Soul Kitchen: A Favorite Culinary Comedy Returns From SIFF

This surefire crowd-pleaser from Fatah Akin shares the multicultural German setting of his intense prior dramas (Head-On, The Edge of Heaven), only it’s an entirely straightforward comedy. Co-writer Adam Bousdoukos plays a harried, shaggy restaurateur, Zinos, whose rich German girlfriend has just taken a job in China. His eatery, Soul Kitchen, is located in an old warehouse he owns in industrial Hamburg, where food is brutally fried into submission. Zinos stinks of grease, and knows it.
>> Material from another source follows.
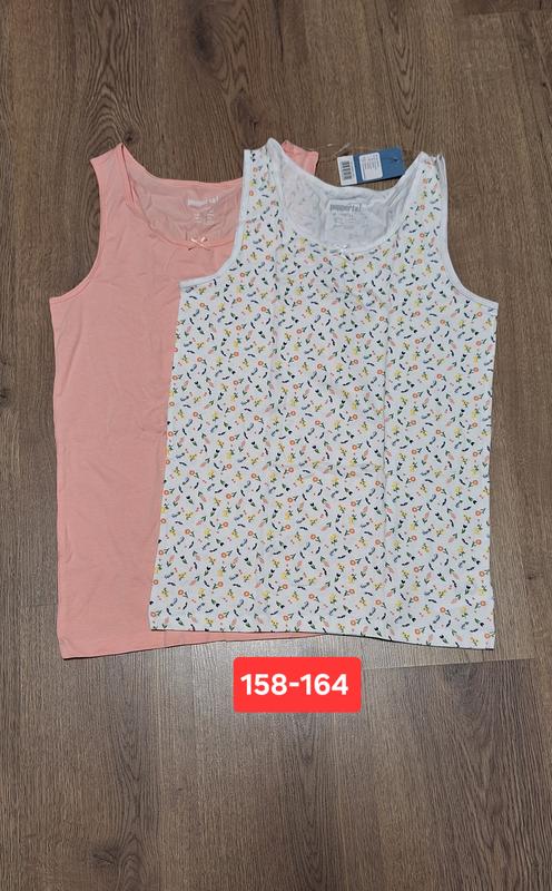 Продаж набором PEPPERTS набор майок 2 шт Размер 158-164 цена за набор 220 грн. безопасной оплатой. При оглате на карту 200 грн Розовая длина 62,5. Ширина 38 Белая в цветочки длина 61,5. Ширина 38 склад 95 бавовна, 5 еластан
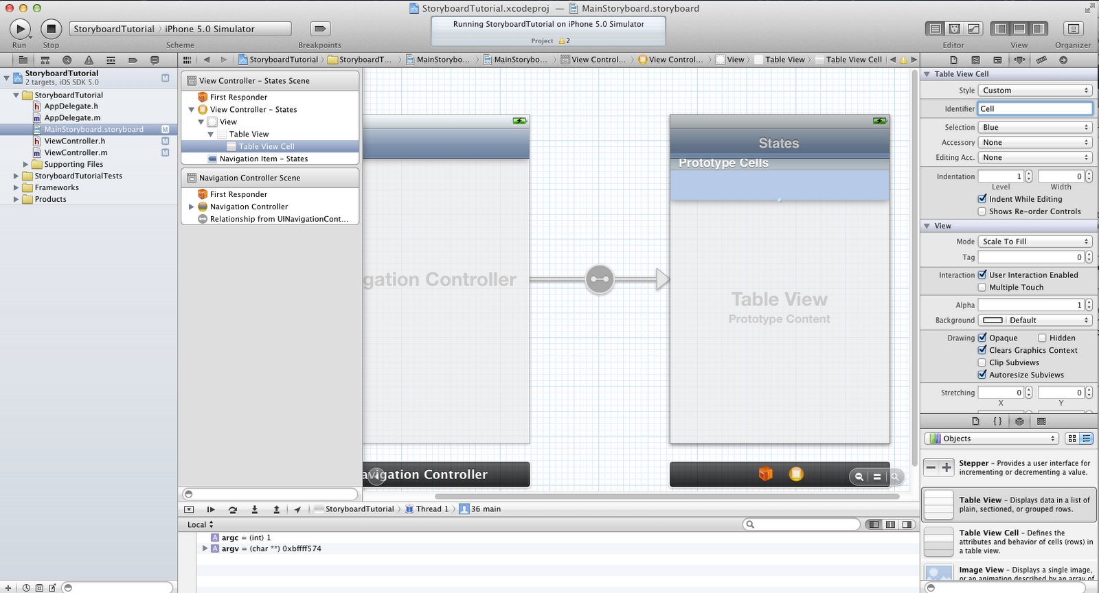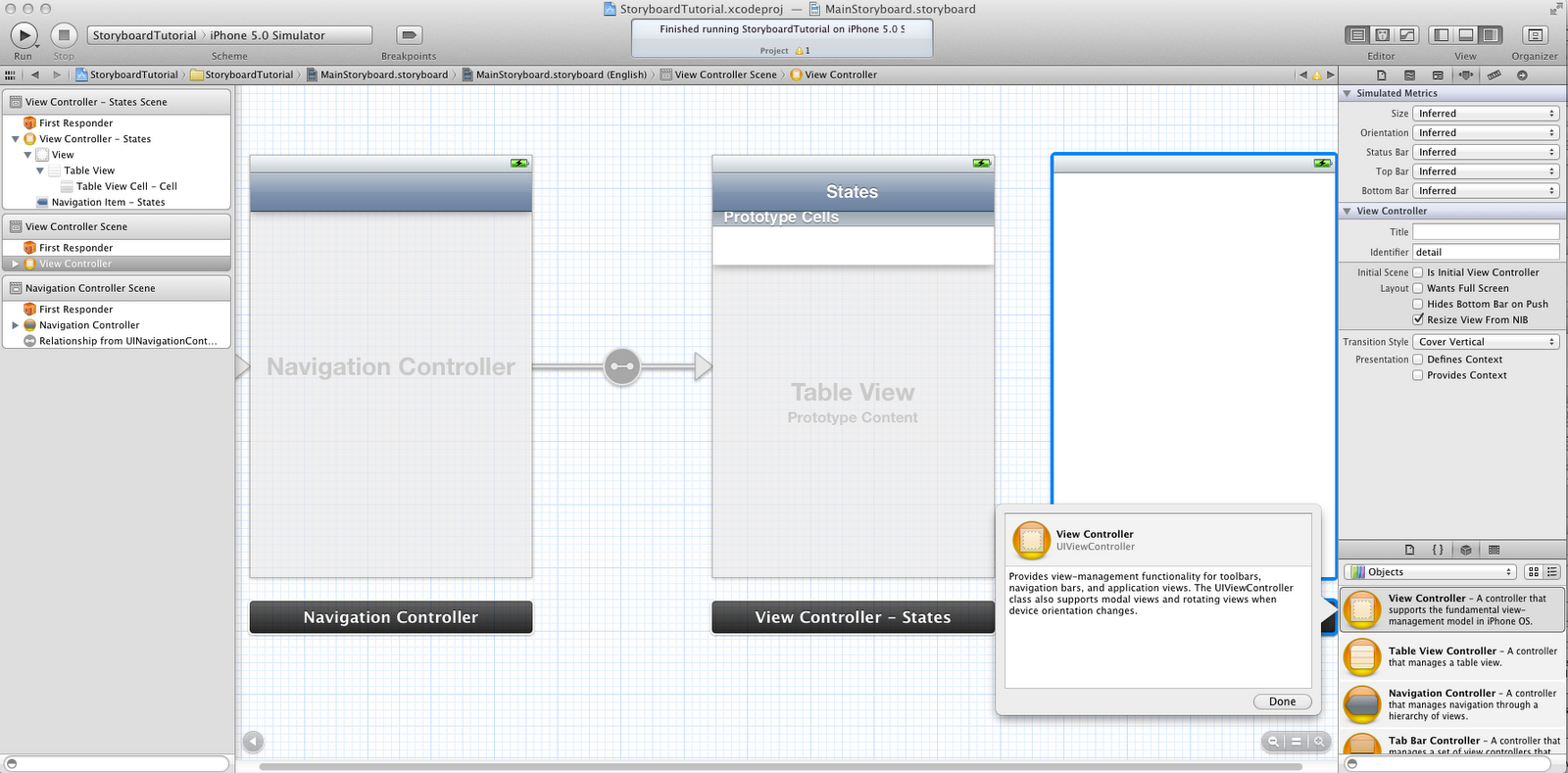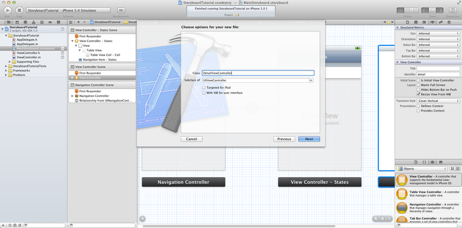 Note: What's new in iOS 5 is the storyboard and transitioning from one view to the other. Instead of having lots of Xib files, you replace them with views all placed into one storyboard file. This makes life much easier for the developer. So seen below is how you create a view controller object in storyboard.

Sex via Skype is a hassle, so should he sell the building and fly to join his honey in Shanghai? Before he gets the chance, Akin throws every comic complication in his way: a thieving brother newly sprung from jail (Moritz Bleibtreu); a volatile yet talented new chef (Birol Ünel, the star of Head-On); an old friend’s sudden offer to buy the warehouse; unwelcome visits from the health inspector and tax collector; and a slipped disc that has poor Zinos groaning and limping through each new misadventure. With its jukebox soundtrack, Soul Kitchen is thoroughly light, enjoyable, and conventional. Early on, chef Ünel shows how diner fare and humble condiments can be chopped up, garnished, redressed, and presented as fusion cuisine. The movie performs the same trick. Also: Extra points for the Udo Kier cameo.